Prologue

by

Bernie Koerselman 


 I remember the morning I walked downstairs and believed.  For the first time in over twenty years, I believed that the Bible is true and that Jesus died on the cross for my sins.

For over twenty years I was an agnostic, denied all religions and the existence of a personal God.  I'd grown up in a Christian home.  As a child, I talked to Jesus as I walked to school.  But doubts about the truth of Christianity began to plague me as a teen, and grew stronger as I grew older.  In my second year at a Christian college, I met weekly with a group of students and discussed religion over coffee.  At the end of that semester we all discarded our faiths.

Afterward, I felt desperate.  I had planned to be a pastor or missionary.  When I gave up my belief in God I felt as if I were standing on the edge of a great, bottomless chasm.  Everything ahead was black.  But I needed to go with the truth and I'd come to believe that Christianity was untrue, that it was a fabrication, a device to reassure weak people, and used by governments to maintain morality and social control.

I looked for something to believe in.  I tried the isms.  I liked the idea of pantheism.  From that I could understand the idea of nirvana, the Hindus' idea of heaven.

I enlisted in the Air Force and decided to be a chaplain's assistant for the sole purpose of giving Christianity one last chance to see if it would prove true or false.  It didn't hold up.  There were some top-notch chaplains outstanding men; others were envious, hateful, greedy, and unforgiving.  These men were like men without Christianity.  Some were good; others were bad.

The next twenty years were tough.  I married and divorced three times.  I worked in and started several businesses, finally owning a regional stock brokerage.  My attorney malpracticed and cost me the company.  I sold my interest for almost nothing so the company could continue, but it failed later. 

At thirty-seven I decided to go to law school.  I borrowed, used the last of my G.I. Bill, all my savings, and graduated summa cum laude three years later.

I couldn't get a job.  Though I graduated with the highest grades in the history of the law school, no one would hire me, so I started my own law firm.  I was busy immediately; the practice prospered.

Then I met Darlene.  I first saw her when she came to visit another lawyer.  She was newly divorced by her lawyer husband.  When we dated I knew this lady was different.  I called her my "quality lady."  I remember telling her that there were two things wrong with her she didn't dance and her religion.  She was a Christian.

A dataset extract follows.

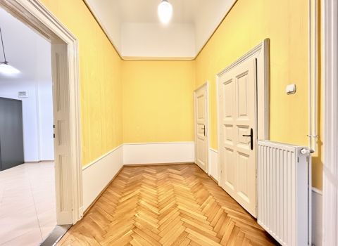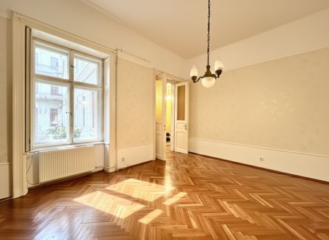A belváros szívében, a körúttól mindössze egy utcányira kínálunk megvételre egy tágas, 114 m²-es polgári lakást, amely adottságainak köszönhetően kiváló választás nagyvonalú otthonnak, értékálló befektetésnek, illetve igényes iroda vagy rendelő kialakítására is.

My practice was located in affluent Newport Beach, California, a city of beaches, gorgeous harbors, thousands of pleasure boats and innumerable expensive homes.  I traveled in the Newport Beach party crowd.  At our parties frequently no one was married.  The couples often lived with each other.  When I first took Dar to a party, she just sat.  Afterward my friends asked, "Doesn't she talk?"  Later she told me, "I didn't have anything to talk about with those people."  I started spending more and more time with her.

In retrospect, Dar says she married me out of rebellion against God.  She knew she shouldn't marry an unbeliever, but her prior Christian marriage hadn't worked.  She soon learned ours was a mistake.  In the first week she learned about my temper.  Incompatibilities began to surface.  We tried, goodness knows, but had a difficult time.  I regretted having married again.  Apparently I couldn't have a successful marriage.  How many times did I have to learn the obvious?  Dar determined she would not be a doormat, the way she thought she'd been in her first marriage. 

Dar often went to church, even though it was over twenty miles away.  When we moved the law office, we moved to a home much closer to it.  Sometimes I'd go with her.  Enraged, I'd give Dar a one-hour lecture about the stupidity of the twenty-minute sermon.  Yet I was drawn to her Christian friends.  They were warm and loving to me, even though they knew I was an unbeliever.

Dar and I went on an Alaskan cruise with a group of lawyers.  I bought some books for light reading about after-life.  They recounted the experiences of people who had clinically died but were later resuscitated.  They fascinated me because they were consistent and the evidence made me believe that they were true. 

In a typical scenario, a man in a hospital bed suddenly had a sharp pain in the chest.  When it stopped he felt himself leave the body.  He found himself near the ceiling of his room.  He saw the door open and a nurse look in, heard her call for help and saw the resuscitation team rush in.  From his vantage point, he saw all the people there, watched them put plates on the chest and the body convulse.  Suddenly he felt himself being drawn back into his body and again felt the sharp chest pain.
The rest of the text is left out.